FIG. 5 is an enlarged cross-sectional view of a main part of the combined septic tank according to the second embodiment.

FIG. 6 is an enlarged cross-sectional view of a main part of the combined septic tank according to the third embodiment.

FIG. 7 is an enlarged cross-sectional view of a main part of a combined septic tank according to a fourth embodiment.

FIG. 8 is an enlarged cross-sectional view of a main part of a combined septic tank according to a fifth embodiment.

FIG. 9 is an enlarged rear view of a relevant part of the combined septic tank according to the sixth embodiment.

FIG. 10 is a cross-sectional view in the direction perpendicular to the axis of a separation member according to the combined septic tank of the sixth embodiment.

FIG. 11 is a cross-sectional view in a direction perpendicular to an axis of a separating member according to the combined septic tank of the seventh embodiment.

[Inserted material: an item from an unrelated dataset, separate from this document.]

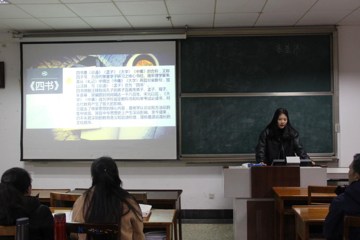 随后,2020级李悦宁同学分享了朱熹的《四书章句集注》,朱熹认为,读《四书》,应从《大学》开始,并把《大学》分为经、传两个部分,其中经文讲诉了《大学》中的“三纲领”“八条目”。在朱熹思想的影响下,以后的儒者都纷纷把“格物”或“格致”作为自己思想进程的出发点。对格物、致知的强调,是朱熹对中国哲学乃至对整个中国传统文化最重要的贡献之一。
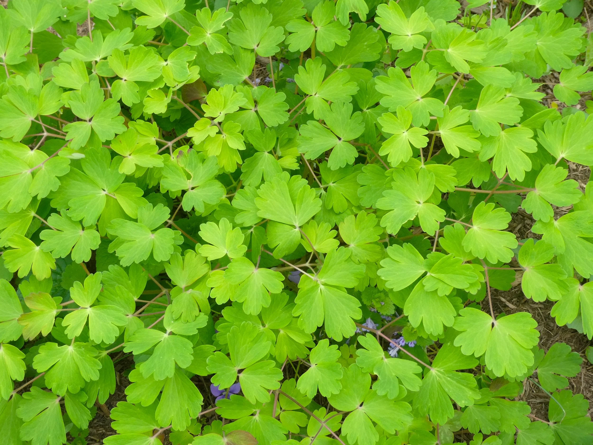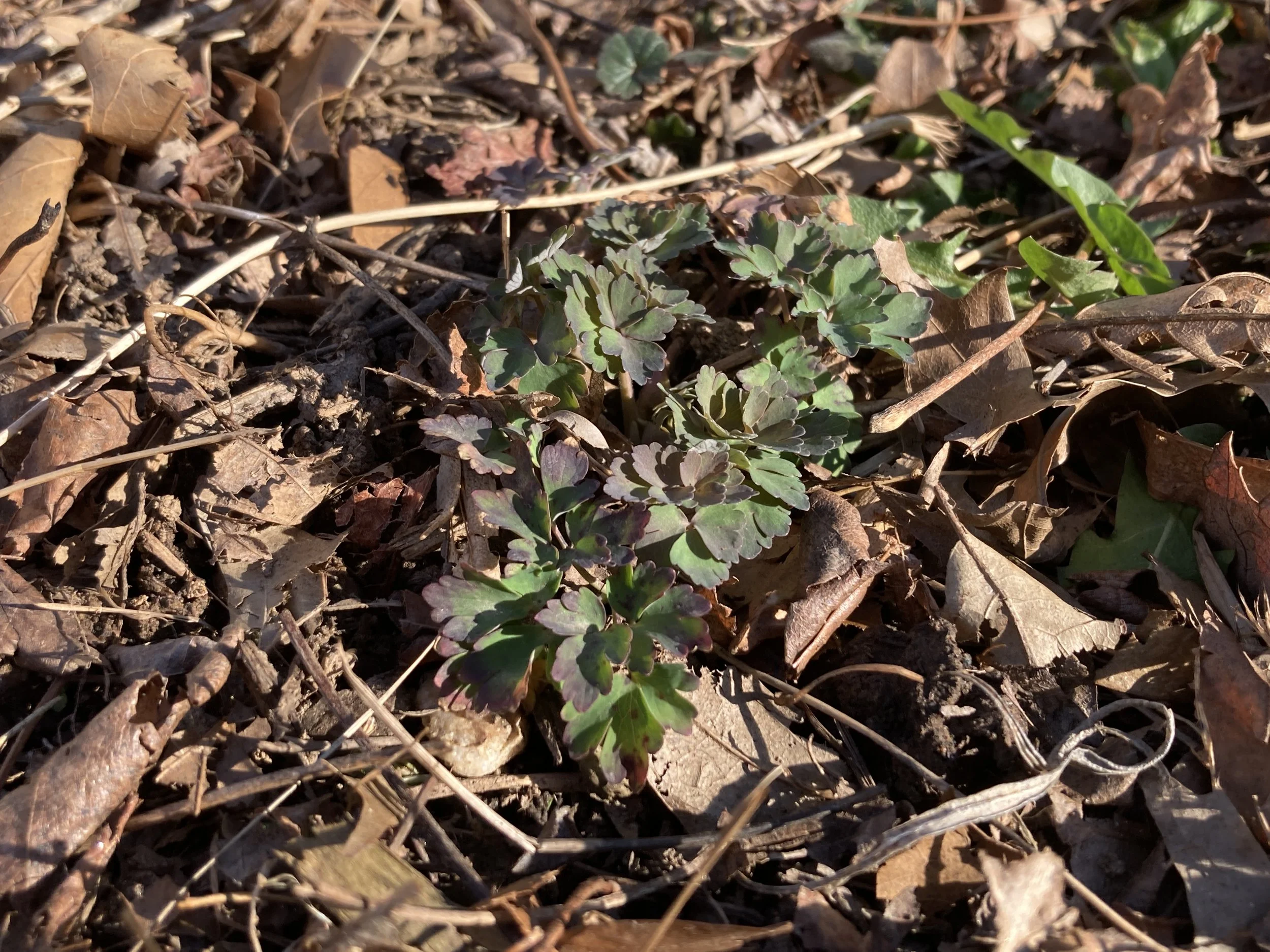 The leaves of Columbine are rounded and divided into three leaflets. Individual leaflets are dissected resembling Meadow Rues (Thalictrum). Foliage will go dormant in the winter, but late winter and early spring foliage has a purple hue to it. It is the larval host for the Columbine Duskywing as well as other various moth species.

FIG. 12 is a schematic vertical sectional view of a combined septic tank according to an eighth embodiment.

[Explanation of symbols]

 DESCRIPTION OF SYMBOLS 4 ... Anaerobic chamber 2, 3 ... Partition wall 10 ... Aeration pipe 5 ... Aeration chamber 6 ... Sedimentation chamber 15 ... Transfer pipe 15a ... Opening 9 ... Fluid carrier 13 ... Separation member 13a ... Guide part 13c, 13d ... Reinforcement part 1a ... Wall surface

Claims (5)

[Claims] An aeration tube for supplying oxygen-containing gas to stored sewage is provided, and an aeration chamber for purifying the sewage with aerobic bacteria and an aeration chamber adjacent to the aeration chamber while being separated by a partition having a bottom communicating therewith. A septic tank having a sedimentation chamber that separates the sewage into solids and water by sedimentation.In the aeration chamber, the surface of the aerobic bacteria is carried, and the oxygen-containing gas supplied from the air diffusion tube is used. Innumerable fluid carriers that convect up and down together with the sewage are filled, and a separation member between the aeration chamber and the sedimentation chamber that guides each fluid carrier in the convection direction and prevents the fluid carriers from flowing out. The sedimentation chamber is provided such that solids at the bottom of the sedimentation chamber can be transferred to the aeration chamber by the sewage convection with the respective fluid carriers with the oxygen-containing gas supplied from the aeration tube. Iko A septic tank characterized by the following. 2. The septic tank according to claim 1, wherein the separation member has a guide portion extending in a convection direction of each fluid carrier and capable of contacting each fluid carrier. 3. The septic tank according to claim 2, wherein the separating member has a reinforcing portion intersecting with the guide portion. 4. The septic tank according to claim 2, wherein the guide has a circular cross section in a direction perpendicular to the axis. 5. The septic tank according to claim 1, wherein the separation member is inclined or curved so as to have a downward slope toward the air diffuser.